The value of the integral $\int\limits_0^1 {\dfrac{{{x^b} - 1}}{{\log x}}dx} \left( {b > 0} \right)$ is

Answer 1

Hint: We will first express the integral as $I\left( b \right)$, then use the method of differentiation under the integral sign to simplify the given integral. That is, take the differentiation of the expression with respect to $b$. Then, we will get a simplified expression of $I'\left( b \right)$. Next, integrate the function with respect to $x$.

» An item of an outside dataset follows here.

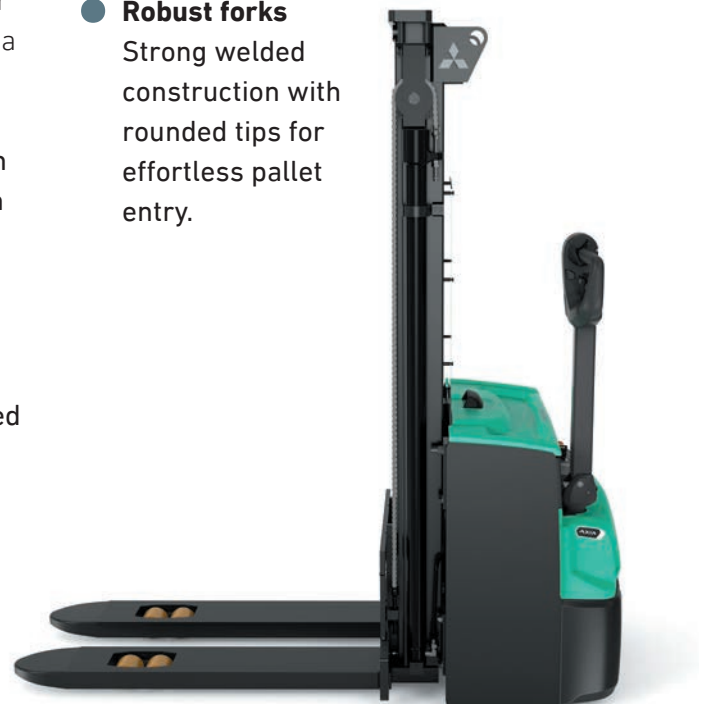
AXiA ES • SBP12N3
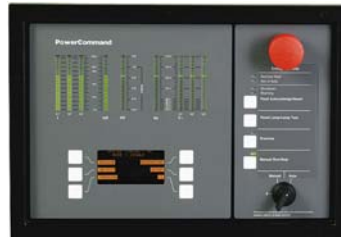
Optional features shown

Complete step-by-step answer:
We have to find the value of the integral $\int\limits_0^1 {\dfrac{{{x^b} - 1}}{{\log x}}dx} $, where $\left( {b > 0} \right)$
Let this integral be denoted by $I\left( b \right)$
That is,
$I\left( b \right) = \int\limits_0^1 {\dfrac{{{x^b} - 1}}{{\log x}}dx} $ (1)
Here, we will follow the method of differentiation under the integral sign to simplify the given integral.
Let us take the derivative of $I\left( b \right)$ with respect to $b$
That is, $I'\left( b \right) = \dfrac{d}{{db}}\int\limits_0^1 {\dfrac{{{x^b} - 1}}{{\log x}}dx} $
According to the Leibniz Rule, $\dfrac{d}{{dx}}\int\limits_a^b {f\left( {x,y} \right)dx} = \int\limits_a^b {{f_x}\left( {x,y} \right)dx} $
That is, the derivative of an integral function of two variables is equal to the integral of partial derivatives of that function.
Then, $I'\left( b \right) = \dfrac{d}{{db}}\int\limits_0^1 {\dfrac{{{x^b} - 1}}{{\log x}}dx} = \int\limits_0^1 {\dfrac{\delta }{{\delta b}}\dfrac{{{x^b} - 1}}{{\log x}}dx} $
Which then simplifies to $I'\left( b \right) = \int\limits_0^1 {\dfrac{{\log \left( x \right){x^b}}}{{\log x}}dx} $ because if \[y = {a^x}\] then \[\dfrac{{dy}}{{dx}} = b\left( {\ln x} \right)\]
Therefore, we get the differentiation as,
$I'\left( b \right) = \int\limits_0^1 {{x^b}dx} $
We can simplify the value of $I'\left( b \right)$ by integrating the function ${x^b}dx$ with respect to $x$
$I'\left( b \right) = \left[ {\dfrac{{{x^{b + 1}}}}{{b + 1}}} \right]_{x = 0}^{x = 1}$
On putting the limits we’ll, get
$I'\left( b \right) = \left[ {\dfrac{{{1^{b + 1}} - {0^{b + 1}}}}{{b + 1}}} \right] = \dfrac{1}{{b + 1}}$
We will now integrate the above expression to find the value of $I\left( b \right)$
$I\left( b \right) = \int {\dfrac{1}{{b + 1}}db} = \log \left( {b + 1} \right) + c$, where $c$ is the constant.
$I\left( b \right) = \log \left( {b + 1} \right) + c$ (2)
We have to find the value of the $c$
We have the function $I\left( b \right) = \int\limits_0^1 {\dfrac{{{x^b} - 1}}{{\log x}}dx} $
Put $b = 0$ in the above equation to find the value of $I\left( b \right)$
$
  I\left( 0 \right) = \int\limits_0^1 {\dfrac{{{x^0} - 1}}{{\log x}}dx} \\
   = 0 \\
 $
Hence, $b = 0$, we get $I\left( b \right) = 0$
Therefore, on substituting the value of $b = 0$ and $I\left( b \right) = 0$ in equation (2)
$
  0 = \log \left( {0 + 1} \right) + c \\
  0 = 0 + c \\
  c = 0 \\
$
Thus, $I\left( b \right) = \log \left( {b + 1} \right)$.

Note: We use differentiation under integral sign to find certain integrals. It allows us to interchange the order of integration and differentiation. To use this method, the function $f\left( {x,t} \right)$ should be continuous and a partial derivative should exist.